Abstract
The relation of the urinary to the kidney changes in experimental nephritis is of particular interest since in man, with few exceptions, we have been unable to do more than conjecture the cause of the different stages of nephritis, and to assume that in certain infections the concomitant acute nephritis lays the foundation for chronic diffuse renal disease months and years afterwards. Likewise, in human nephritis it is very difficult to compare any particular derangement of kidney function with the structural renal changes incident thereto.
This paper reports upon the sequence of the structural renal changes in correlation with the abnormal urinary findings in dogs in whom nephritis has been induced with the toxic product of Streptococcus scarlatinae. The results are especially noteworthy inasmuch as the kidney changes were produced with a nephritic agent that commonly causes nephritis in man, and a closer analogy could be drawn with the human disease than is possible where improbable excitants of human nephritis, like uranium nitrate, have been employed. The experiment has also afforded the opportunity to study the relation and sequence of the renal changes, and to trace the progress of their anatomical development.

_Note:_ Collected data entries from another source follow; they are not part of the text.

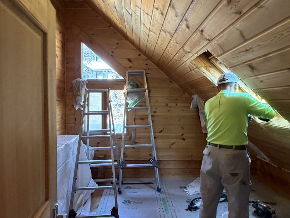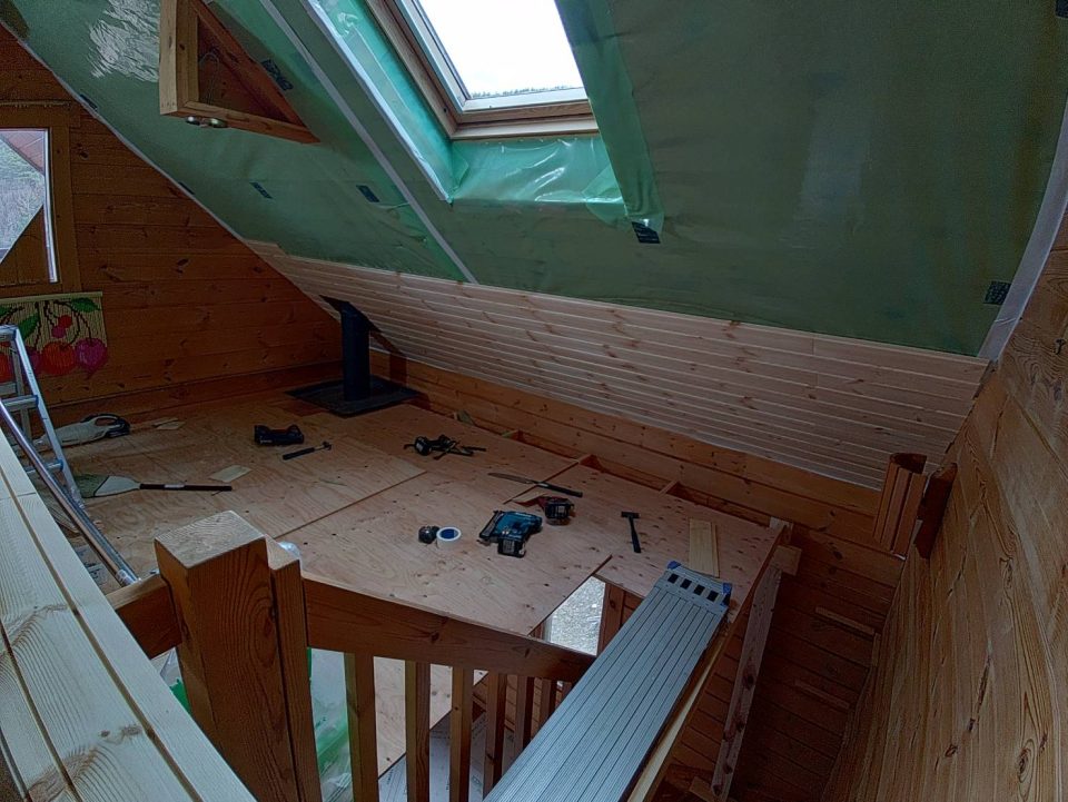 今回は大工事を回避し、「既存の天井の板はそのままで、室内側から防湿シートを全面にしっかりと隙間なく張り詰め、さらにそのシートの上から仕上げとして新たに12mm厚のパイン羽目板を施工する」という方法をとることにしました。
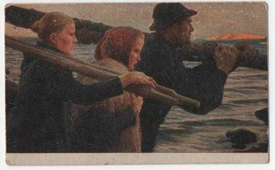 YÜZYILBAŞI DÖNEM DENİZCİ BALIKÇI TEMALI TAŞ BASKI ÇİZİM TABLO KARTPOSTAL
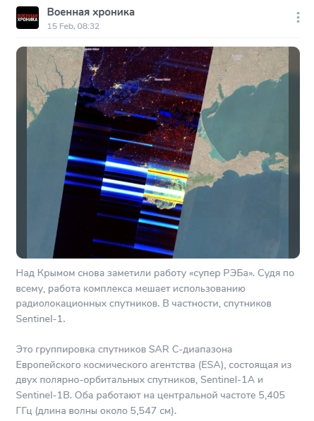 Детали. Одним из первых о «Супер-РЭБ» в Крыму сообщил крупный пророссийский провоенный телеграм-канал «Военная хроника» 15 февраля. По его данным, из-за этой системы спутник Европейского космического агентства Sentinel-1 накануне сделал засвеченные снимки полуострова. Третьего марта тему подхватил агрегатор новостей «СМИ2». Проект, созданный, чтобы собирать новости других изданий, неожиданно сам написал текст.

Since nephritis frequently occurs spontaneously in the dog, we have used only young animals whose urine over a period of 10 days to 2 weeks was free from albumen, casts and other abnormalities; and whose kidney function, as determined by the phenolsulphenolphthalein test, was within the normal limits. During the period of observation the animals were kept in metabolism cages to facilitate the collection of urine. Catheterized specimens were not employed, so the figures for urine volumes are averages only, obtained by dividing the total urine volume of 7 days by the number of days in the period. Daily examinations of urine were made for abnormalities over a period of from one to 3 weeks after the administration of the nephrotoxic substance (killed culture and “Lysate” which had been prepared in vivo from the Streptococcus scarlatinae by the method of Duval and Hibbard 1 ).